Ia pun mempertanyakan landasannya Polri tidak memberikan izin kepada Liga Primer, karena tidak adanya rekomendasi dari PSSI?

"Aturan hukum mana yang menunjuk atau memberikan wewenang kepada PSSI untuk menjadi organisasi tunggal yang memberikan rekomendasi untuk penyelenggaraan sebuah kompetisi? Saya melihat, tanpa adanya payung hukum bagi PSSI, pihak kepolisian malah bisa digugat atas tidak diberikannya izin bagi Liga Primer untuk menyelenggarakan kompetisi. Jika ini menimbulkan kerugian bagi PT Liga Primer Indonesia, maka saya khawatir negara cq. Kepolisian harus membayar sejumlah ganti rugi yang besar sekali akibat batalnya digelar kompetisi Liga Primer Indonesia ini. Ini adalah langkah blunder berbahaya yang dibuat oleh PSSI, yang kemudian juga didukung oleh pihak Kepolisian. Jadi, kalau polisi ikut campur dalam kekisruhan ini, Kepolisian akan menghadapi konsekwensi yang lumayan jika PT Liga Primer menggugat pihak Kepolisian," paparnya.

Lebih jauh ia menulis, bahaya sesungguhnya adalah hancurnya dunia persepakbolaan akibat arogansi PSSI. "Bayangkan, jika ada pihak yang membentuk organisasi lain selain PSSI, maka kita akan disibukkan dengan persengketaan dan kembali lahan olahraga sepakbola ini akan kacau balau. Karena undang-undang tidak menutup kemungkinan untuk munculnya induk organisasi lain selain PSSI. Bahkan, statuta FIFA saja memberikan kesempatan luas bagi organisasi untuk bergabung sepanjang memenuhi syarat yang diajukan oleh FIFA (application of membership). Masyarakat yang jengah dengan keberadaan PSSI bahkan bisa saja mengajukan gugatan untuk pembubaran PSSI atau menjadikan PSSI tidak lagi memiliki otoritas tunggal atas persepakbolaan di Indonesia. dan anda tahu, persoalan hukum ini juga mengancam induk organisasi cabang olahraga lain. Hasilnya? Olahraga Indonesia akan disibukkan oleh gugat menggugat, persengketaan yang tiada ujungnya," tulis Winer.

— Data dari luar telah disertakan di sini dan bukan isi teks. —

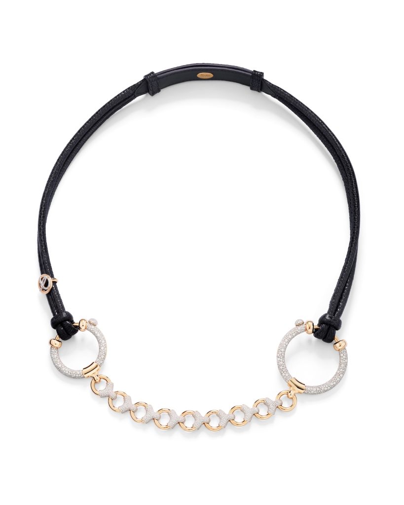 「PRECIOUS SNAP HOOK」– 此款玫瑰金结绳型项链堪称建筑美学的典范之作,以错落有致的链节设计重现90年代女性力量风潮,淋漓尽致地展现品牌精湛的钻石镶嵌工艺。匠心独运的可拆卸式双扣头设计,提供两种截然不同的佩戴方式;流动的修长链身可随心变幻为双链叠戴、结绳型项链或苏托尔项链等多种造型,诠释品牌对多元美学与当代优雅的执着追求。整条链饰以密镶钻石点缀,璀璨宝石沿黄金表面蜿蜒流转,宛若自然生长的光之轨迹。每一处细节都彰显着Pomellato宝曼兰朵将建筑几何与柔性力量完美融合的造诣,成就这件兼具力量感与流动性的珠宝杰作。Fine modulo

Lalu, bagaimana sebaiknya? Menurut Winer, seharusnya penyelenggaraan kegiatan olahraga haruslah dilakukan secara demokratis. Seharusnya PSSI sebagai pengayom klub olahraga , tidak merasa risih dengan kompetisi yang ada. Seharusnya PSSI tidak langsung main cut-off.

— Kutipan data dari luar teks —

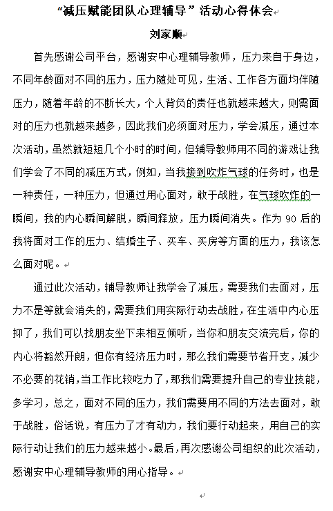 “減壓賦能團隊心理輔導”活動心得體會—— 劉家順

"Saya setuju jika PSSI atau pemerintah menentukan syarat-syarat yang sifatnya standarisasi penyelenggaraan. Misalnya, kepastian tempat, perangkat, badan hukum, kekuatan finansial, pembinaan , dan sebagainya. Jadi, bukan karena hal-hal yang sifatnya otoritarian. Karena posisi PSSI sendiri sebagai induk cabang olahraga tidak pernah memiliki landasan hukum. Ada sebuah bahaya. PT Liga Primer telah menginvestasikan banyak sekali uang untuk penyelenggaraan kompetisi ini. Tentu tidak mungkin PT Liga Primer Indonesia akan tinggal diam jika kompetisi ini gagal dilakukan. Baik PSSI maupun pemerintah lewat Kepolisian, akan menghadapi konsekuensi yang cukup lumayan jika mereka tetap berniat menjegal penyelenggaraan kompetisi Liga Primer Indonesia (LPI) ini secara arogan. Sekali lagi, karena PSSI tidak memiliki cantolan hukum di dalam UU 3/ tahun 2005 untuk mengklaim sebaga satu-satunya induk cabang olahraga sepakbola," tulis Winer.

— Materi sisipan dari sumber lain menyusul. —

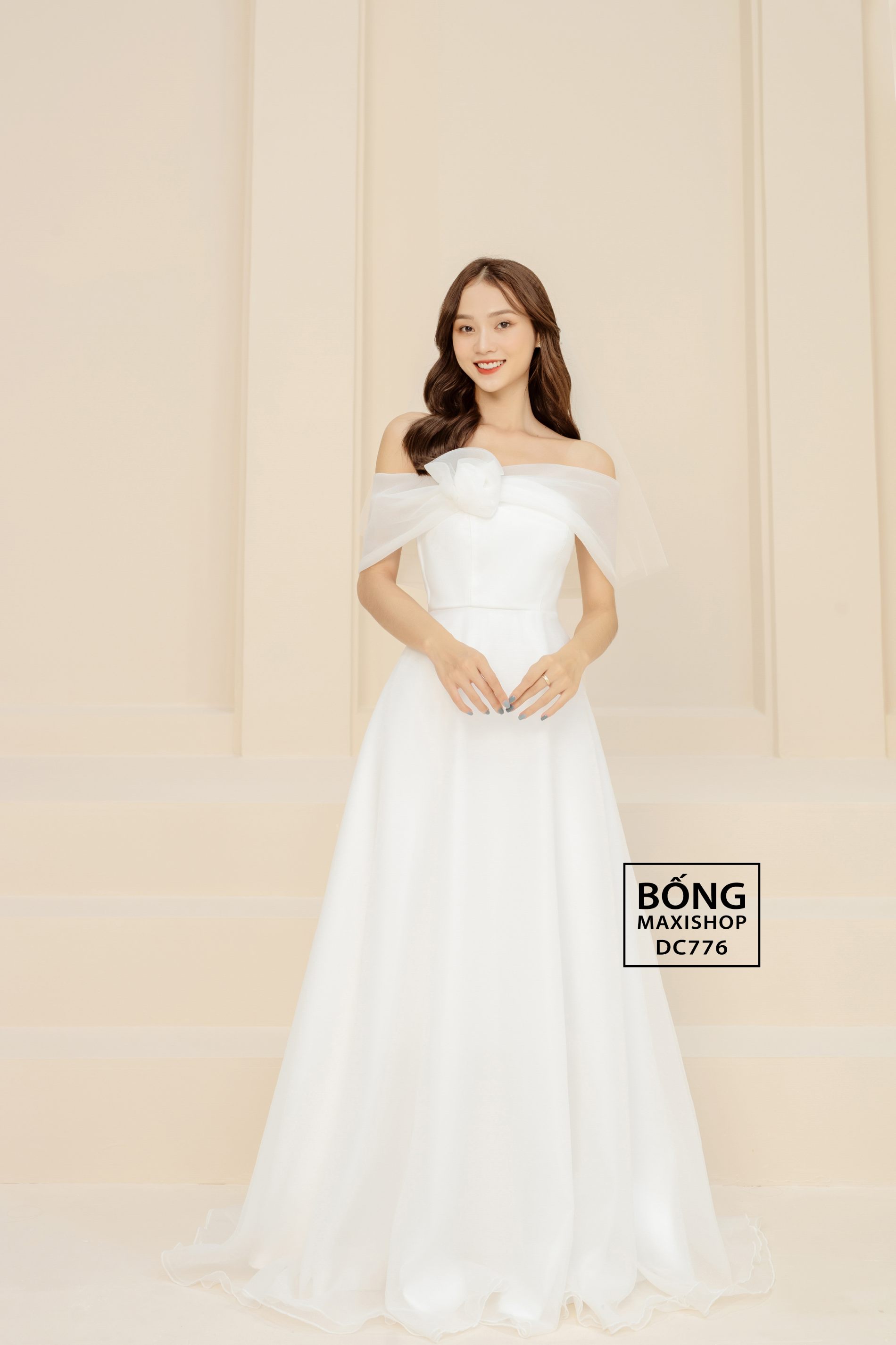 Váy cưới phi nhật trắng trễ vai phối voan xốp kèm nơ DC782 dành cho cô dâu kiều diễm

Sebaiknya, lanjut dia, kedua belah pihak baik LPI maupun PSSI segera berembuk untuk mencari jalan keluar terbaik tanpa merugikan masyarakat.

"Keberadaan seorang narapidana sebagai ketua PSSI saja sudah memberikan beban yang cukup berat bagi para suporter bola di Indonesia dan kita, para penikmat musiman (warga negara lainnya). Kita merindukan adanya dunia persepakbolaan yang sehat, industri olahraga yang bebas dari korupsi, dan pejabat yang bersih dari kasus korupsi di pucuk pimpinan organisasi olahraga. Bagian kita sebagai masyarakat adalah menyatukan kekuatan, langkah , untuk mengenyahkan para begundal dan penjahat dari dunia olahraga. Kita tahu siapa mereka itu. Media, masyarakat melalui berbagai jaringan sosial harus melakukan sesuatu, setidaknya melakukan kampanye. Kita berharap tidak terjadi persengketaan yang akan menyandera dunia olahraga, apalagi sepakbola, akibat arogansi para pejabat di PSSI," tulis Winer.